Moreover, by Lemmas 4.4 and 4.5 (ii),

$$\begin{aligned} P[ W^{\ell } \ne -\gamma z^{\ell } ]&\ \le \ \frac{\gamma R}{\sqrt{2 \pi }}\ \le \ \frac{1}{4} \frac{1}{ \sqrt{2 \pi }}\ <\ \frac{1}{10} \;,\qquad \text { and} \end{aligned}$$
(6.9)
$$\begin{aligned} \mathrm {II}&\ \le \ a^{-1} f'(r) P[ w^{\ell } \ne -\gamma z^{\ell } ]\ \le \ f'(r) \frac{2}{5} \gamma T \left|\widetilde{{\mathcal {C}}}^{-\frac{1}{2}} {\mathcal {C}}^{\frac{s}{2}} z^{\ell } \right|_s , \end{aligned}$$
(6.10)

where in (6.9) we used (6.2) and in (6.10) we used (6.3) and \(\sqrt{2\pi }>5/2\).

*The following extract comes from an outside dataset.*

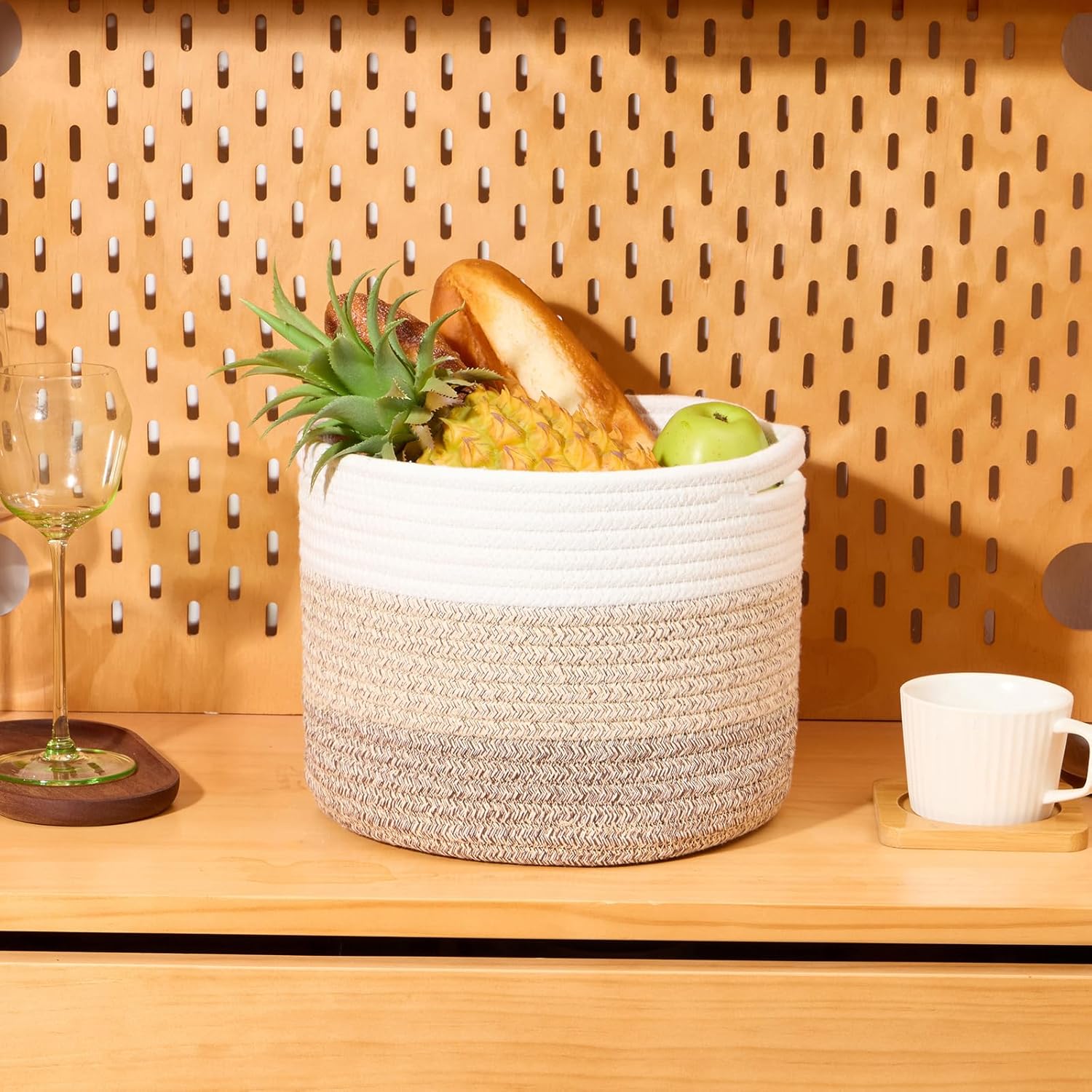 - [Premium Quality Materials]: Our small storage baskets are meticulously handcrafted from natural, odorless cotton rope. They boast a durable and safe design with no sharp corners, making them perfect for a baby-friendly environment. The hidden, widened handles and chic appearance make these baskets a fashionable and functional addition to any decor

Inserting (6.8), (6.9), and (6.10) into (6.7), and using Lemma 4.5 (iii), gives

$$\begin{aligned}&E [ F' - F ] \ \le \ f'(r) \left( - \tfrac{1}{8} \gamma T \left|\widetilde{{\mathcal {C}}}^{-\frac{1}{2}} {\mathcal {C}}^{\frac{s}{2}} z^{\ell } \right|_s - \tfrac{1}{12} \alpha T^2 \left|z^h \right|_s \right) \nonumber \\&\quad \le -\tfrac{1}{12}\, \min (\gamma T,T^2)\, rf'(r) \nonumber \\&\quad \le - \tfrac{1}{12} \, \min (1, T/(4R),T^2)\,\max (1,R/T)\,e^{-\max (1,R/T)}\, f(r)\nonumber \\&\quad \le -c_1 \, F. \end{aligned}$$
(6.11)

Here we have introduced \(c_1 := (1/12) T^2 \max (1,R/T) e^{-\max (1, R / T) }\), and we have used (2.29), (6.3), and the fact that \(T^2\le \min (1,T/(4R))\) by (6.6).

Furthermore, by Lemma 2.7,

$$\begin{aligned} E [ G' - G ]&\le \ 10 \epsilon (A+{\text {trace}}(\widetilde{{\mathcal {C}}} {\mathcal {C}}^{-s})) T^2 \ \le \ (3/4) {c_1} G, \end{aligned}$$
(6.12)

where in the last step we eliminated \(\epsilon \) using (6.5).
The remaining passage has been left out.